The Great Canterbury Psalter

The Great Canterbury Psalter f. 108v, psalm 63  Hear, O God, my prayer when I make supplication


f. 108v, psalm 63  Hear, O God, my prayer when I make supplication

The first of the two bands on this folio abides by the metaphorical tone characteristic of the text of the Psalter which has already been reflected indirectly in other, quite literal, Catalan pictures. A person or monk at prayer, in front of an altar dignified by a gold cross, reproduces the motif of the person at prayer found in some other initials in this part of the codex too (v. 2, Exaudi Deus orationem meam... // Hear O God, my prayer). However, this individual is now threatened by a pair of archer demons, possibly a more recent creation since they are wingless, each shown firing an arrow at the innocent person (v. 4, Quia exacuerunt ut gladium linguas suas: intenderunt arcum rem amaram // For they have whetted their tongues like a sword; they have bent their bow a bitter thing; v. 5, Ut sagittent in occultis immaculatum // To shoot in secret the undefiled), who admits that he fears the demon and his constant persecution (S. E. Hyeronimus, Breviarium..., 1062). However, the wounds that the treacherous, black devils may cause are compared by the psalmist to children’s arrows (v. 8, ...Sagittae parvulorum factae sunt plagae eorum // And God shall be exalted. The arrows of children are their wounds) being shot heavenwards in the miniature to the sound made by two older devils with remarkably large ears on the far right of the elongated scene. The arrows fly back to the archers who shot them and seem to hit their foreheads (v. 9, Et infirmatae sunt contra eos linguae eorum // And their tongues against them are made weak), employing once again the parallel between tongues and bows mentioned in verse four. The isolated motif recalls the tale of the hunter on Mount Gargano who shot at St Michael the Arcangel’s calf and was wounded by his own arrow.

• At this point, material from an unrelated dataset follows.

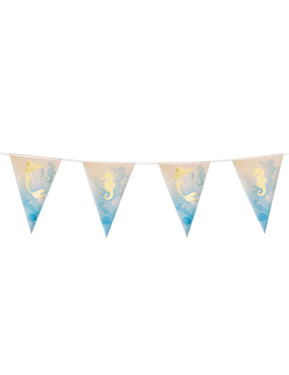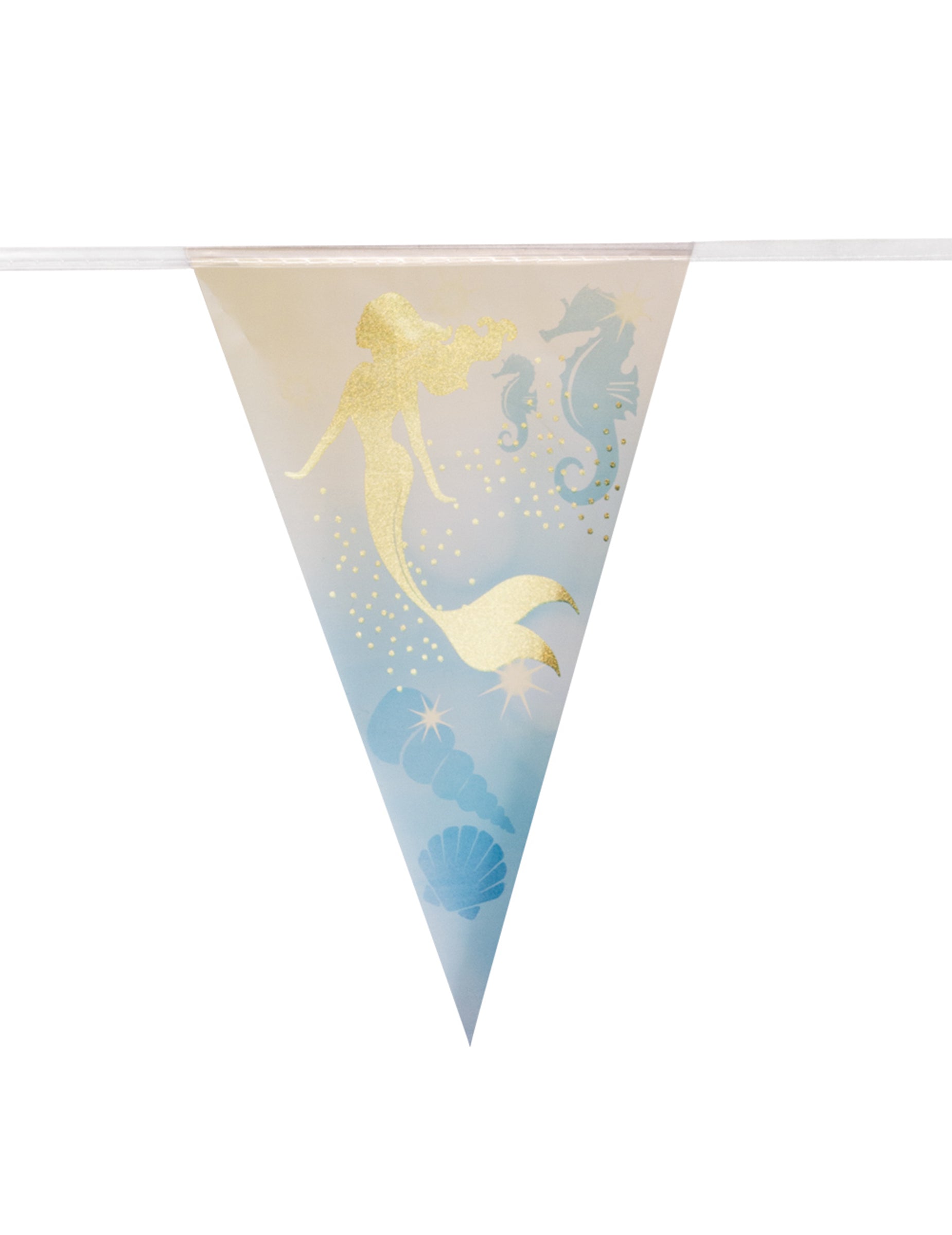 Ovaj plastični vijenac od 4 m sastoji se od 10 zastavica. U plastici ove zastave mjere otprilike 30 x 20 cm. S jedne strane, zastave se tiskaju sa zlatnim sirenama i hipokampima na plavkastoj pozadini. Ovaj će vijenac savršeno dovršiti vaš svečani ukras za rođendan tematske sirene.

The transcription of the text is interrupted in the bottom register, continuing with the Christological exemplification or explanation. Christ’s prayer in the Garden of Olives is chosen as a referent of David’s curses when the king asks God to free his eternal enemies. The scene in the Garden features two different moments concerning Christ’s preparation for death. The first regards the call of God the Father blessing his Son from the arch of heaven whilst Peter, John and James sleep soundly. The available space enables their bodies to stretch out full length without being contorted or bunched up as often occurs in other paintings. Depicted in the second scene is the descent of the angel transformed into Jesus’ comfort, a paradigm of the innocent, before the death awaiting him, but which also symbolises his acceptance of his father’s will. St Augustine points out that psalm 63 concerns the Passion of Christ (Enarrationes II, pp. 591 ff.), referring to Christ’s prayer in the Garden of Olives, “Pater, si fieri potest, transeat a me calix iste?” and“Verum non quod ego volo, sed quod tu vis, Pater” (Mt 26: 39-42). These are the two scenes into which the image is divided although, because of the angel, it leads to St Luke’s Gospel (“Apparuit autem illi angelus de coelo, confortans eum. Et factus in agonia, prolixius orabat”: Lc 22: 43).